For a heavier hammer, the Mitogen strategy plugin rewrites how Ansible ships and executes code, often cutting run times dramatically by avoiding repeated interpreter startup. It’s a third-party plugin, it’s version-sensitive, and it occasionally breaks on edge-case modules — so pin it, test it against your real playbooks, and treat a Mitogen upgrade like any other dependency bump.

Where AI Fits — and Where It Doesn’t

Here’s where this gets genuinely faster to iterate on. A profile_tasks table is exactly the kind of structured output an AI assistant reads well. Paste it into a tool like Claude or Cursor, describe your inventory size and latency, and ask it to propose ansible.cfg changes ranked by expected impact.
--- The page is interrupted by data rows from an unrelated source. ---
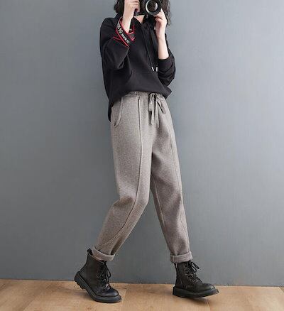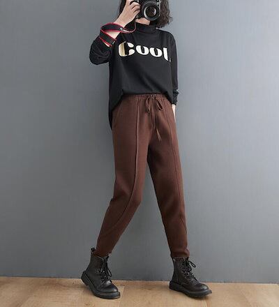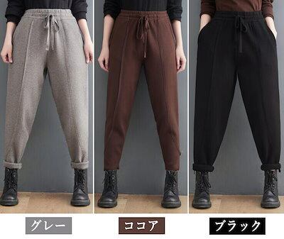 パンツ レディース 秋冬 スウェットパンツ ニットパンツ テーパードパンツ ルームウェア 部屋着 散歩 ロールアップ 伸縮性 ボトムス ハイウエスト ウエストゴム あったか 防寒 厚手
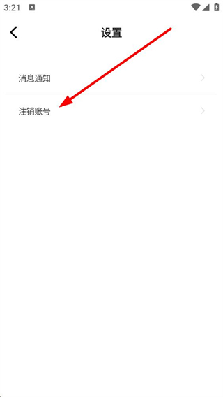 3、進入設置界面,包含消息通知和注銷賬號選項,選擇注銷賬號選項,就能進入賬戶注銷對應的操作頁面。
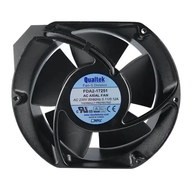 This is manufactured by Qualtek. The manufacturer part number is FDA2-17251NBKT3F. The blades are constructed from robust plastic materials. It is assigned with possible HTSUS value of 8414.59.6590. The product is rohs3 compliant. Furthermore, the product is 51.00mm wide. The product features power and watts of 27.00w. It has a 275.0 cfm (7.70m³/min) air flow rate. It is approved by ce, curus, tuv. It has noise values of 60.0db(a). It also exhibits voltage rating of 115vac. In addition, it is reach unaffected. This has integrated with a ball, a bearing with long-lasting features. The product has -4 ~ 158°f (-20 ~ 70°c) operating temperature range. It provides maximum rpm up to 3300 rpm. This product offers longer life span for 50000 hrs @ 25°c. The product has a 0.768 in h2o (191.3 pa) static pressure. It is shipped in bulk. The product's diameters include rectangular/rounded - 172mm l x 151mm h. The product features 2 terminals termination style. It has a long 22 weeks standard lead time. Additionally, the product's output is 0.240a Its typical moisture sensitivity level is 1 (unlimited). The typical product's weight is 1.9 lbs (861.8 g). The product hplc, fda2-17251, is a highly preferred choice for users. The frame of the product is made from highly durable aluminum materials. The latest designed fan is a type of tubeaxial offering unmatchable applications. Moreover, it corresponds to fda2-17251, a base product number of the product. The product is designated with the ear99 code number

It’s good at spotting that your 31-second fact-gathering line means you haven’t enabled caching, or that a per-item loop should become a single list call. Our prompt library and the IaC prompt packs have ready-made prompts for exactly this “read my profile output and recommend tuning” workflow.

But treat the AI as a fast junior engineer, not an oracle. It will confidently suggest forks = 100 without knowing your control node has 2GB of RAM. It can’t feel the latency to your hosts or know that one subnet has requiretty locked on. So the human stays in the loop on every change:

Benchmark, don’t trust. Apply one change, re-run profile_tasks, compare the numbers. AI’s “this should be faster” is a hypothesis, not a result.
Always dry-run first. Run new config and tasks under --check (and --diff) before they touch production. Check-mode catches the change that would have restarted the wrong service.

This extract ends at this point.